THE TRAGEDY OF JUDAS
Lord of Life, thank you for your watchcare over me. It is personal, penetrating, and abiding. How great you are.
Read MATTHEW 27:1-10
Judas Hangs Himself
27 Early in the morning, all the chief priests and the elders of the people made their plans how to have Jesus executed. 2 So they bound him, led him away and handed him over to Pilate the governor.
3 When Judas, who had betrayed him, saw that Jesus was condemned, he was seized with remorse and returned the thirty pieces of silver to the chief priests and the elders. 4 “I have sinned,” he said, “for I have betrayed innocent blood.”
“What is that to us?” they replied. “That’s your responsibility.”
5 So Judas threw the money into the temple and left. Then he went away and hanged himself.
6 The chief priests picked up the coins and said, “It is against the law to put this into the treasury, since it is blood money.” 7 So they decided to use the money to buy the potter’s field as a burial place for foreigners. 8 That is why it has been called the Field of Blood to this day. 9 Then what was spoken by Jeremiah the prophet was fulfilled: “They took the thirty pieces of silver, the price set on him by the people of Israel, 10 and they used them to buy the potter’s field, as the Lord commanded me.”[a]
- Matthew 27:10 See Zech. 11:12,13; Jer. 19:1-13; 32:6-9.
New International Version (NIV)Holy Bible, New International Version®, NIV® Copyright ©1973, 1978, 1984, 2011 by Biblica, Inc.® Used by permission. All rights reserved worldwide.
Pray for more wisdom to understand the effects of sin in our world and for protection from the Holy Spirit against its power in your life.
Despite the speed and success of their manipulations, the Sanhedrin could not pass the death sentence on Jesus. This had to be pronounced by the Roman governor and carried out under his authority. The temple elders now had to construct some political charge which Pontius Pilate could not dismiss. In the temple precinct, Judas watched the destructive plan unfold and realized, with huge remorse, the outcome that was now inevitable. The chief priests, however, were in no mood to engage with his regret – he had served their purposes. The money he no longer wanted was contaminating and could only be used to buy a burial ground for unclean bodies.
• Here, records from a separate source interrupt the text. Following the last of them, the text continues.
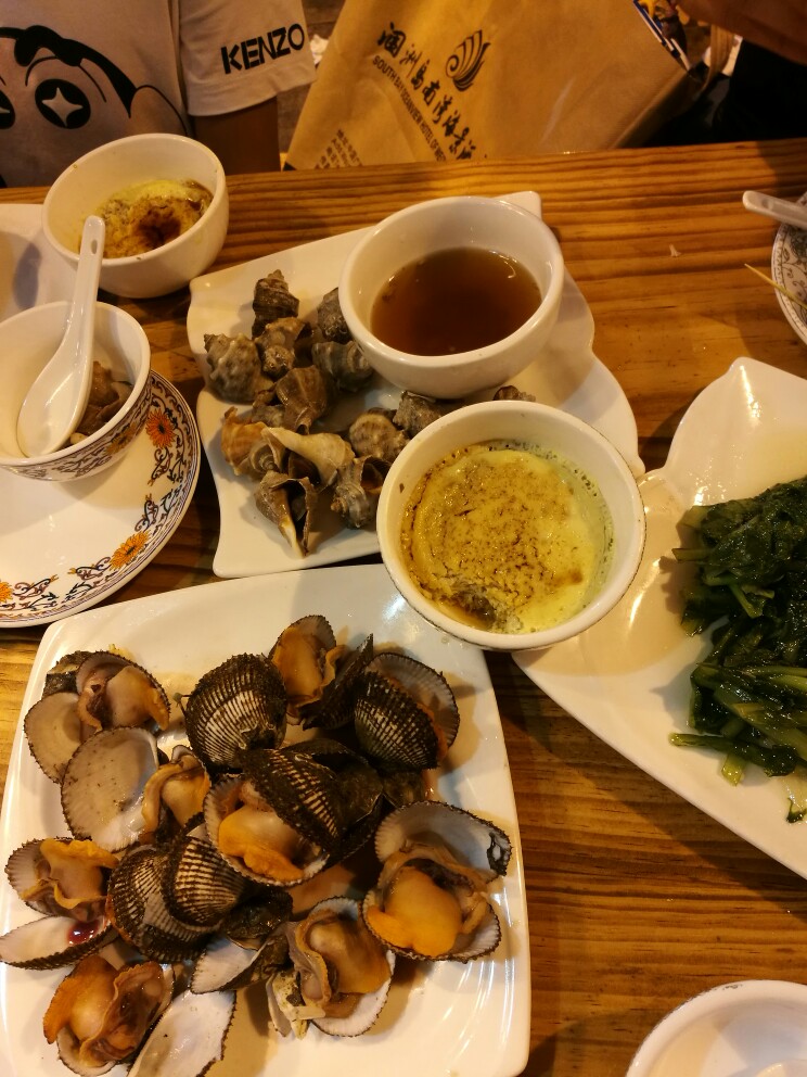 在海边,品尝海味。
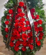 40 garoafe roșii Olanda, 24 trandafiri roșii, 8 fire Gypsophilla, cadru natural brad, panglică funerară.
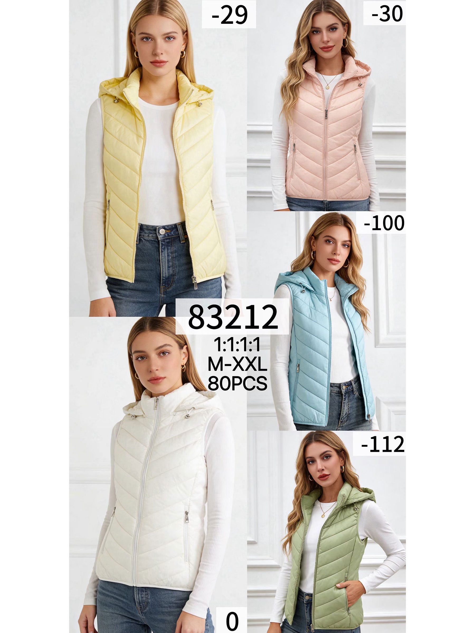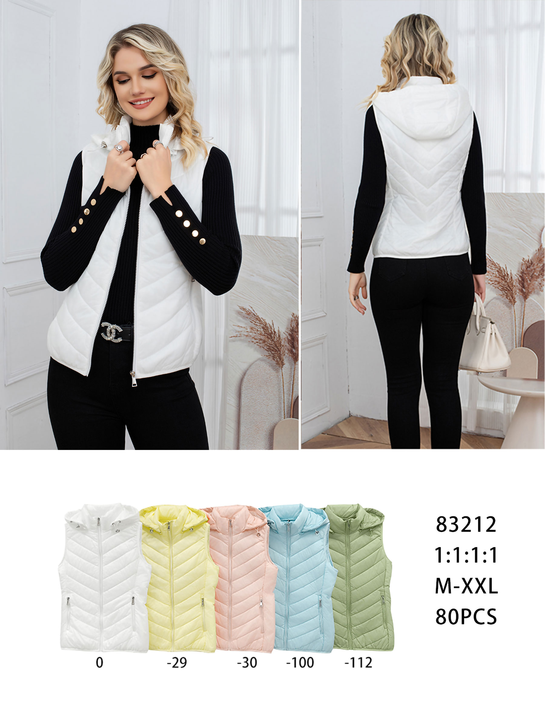 Details of lightweight hooded puffer waistcoat MF-AF-83212

Flinging blood money into the heart of the temple was the action of a desperate man, now confronted with the gravity of his sin. Although he could hurl the money back, he could not take his own action back. Sin cannot be undone. Its consequences can rarely be avoided. Judas finally recognized the gravity of his betrayal. He had exposed an innocent man to the injustice of those who hated him. Jesus’ life would end on a brutal Roman cross. No wonder Judas could no longer live with himself. His suicide marked the realization that his existence was now intolerable.
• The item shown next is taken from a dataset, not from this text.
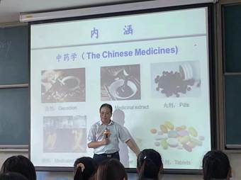 课堂上,刘中秋副董事长以同学们熟悉的“人参”为切入点,图文并茂地讲解中药材和中药的区别,进一步掌握中药学的基本内涵。刘董事长还专门介绍了中医药发展史,从秦汉时期《神农百草经》,到隋唐时期《新修本草》,再到明清时期《本草纲目》,通过介绍博大精深、历史悠久的中医药文化树立中医药学子的文化自信和专业信心。
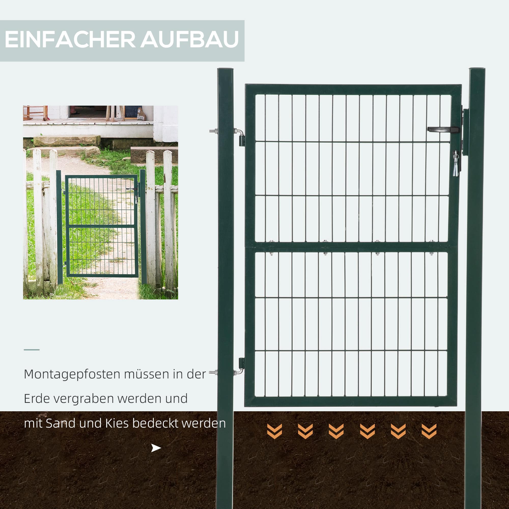 Het tuinhekwerk wordt geleverd met montagedelen voor eenvoudige bevestiging van het 40-45 cm inzetstuk. Daarnaast zijn er twee palen met stabiele scharnieren inbegrepen voor een moeiteloze installatie. De meegeleverde instructies maken de montage een eenvoudige klus die je snel kunt voltooien.

Judas lived long enough to hate what his sin had bought him. He did what he thought he wanted, but came to detest it. This is a common human experience. Sin creates a longing which, when fulfilled, can so easily become a loathing. Sin can captivate us, also, and take us into bondage. Most of us are able, thankfully, to reach out to God and seek forgiveness for our wrongs. Jesus prayed from the cross even for those who killed him. We, unlike Judas, can rejoice that God’s grace is greater than our sin.
May we not hold on to sin, but have the humility to confess it before the Lord and receive his forgiving grace.
Loving Father, stir my heart. I know I am guilty of all sorts of sins from selfish motives. Judas was filled with remorse, but lead me to repentance, and grant me your gracious forgiveness.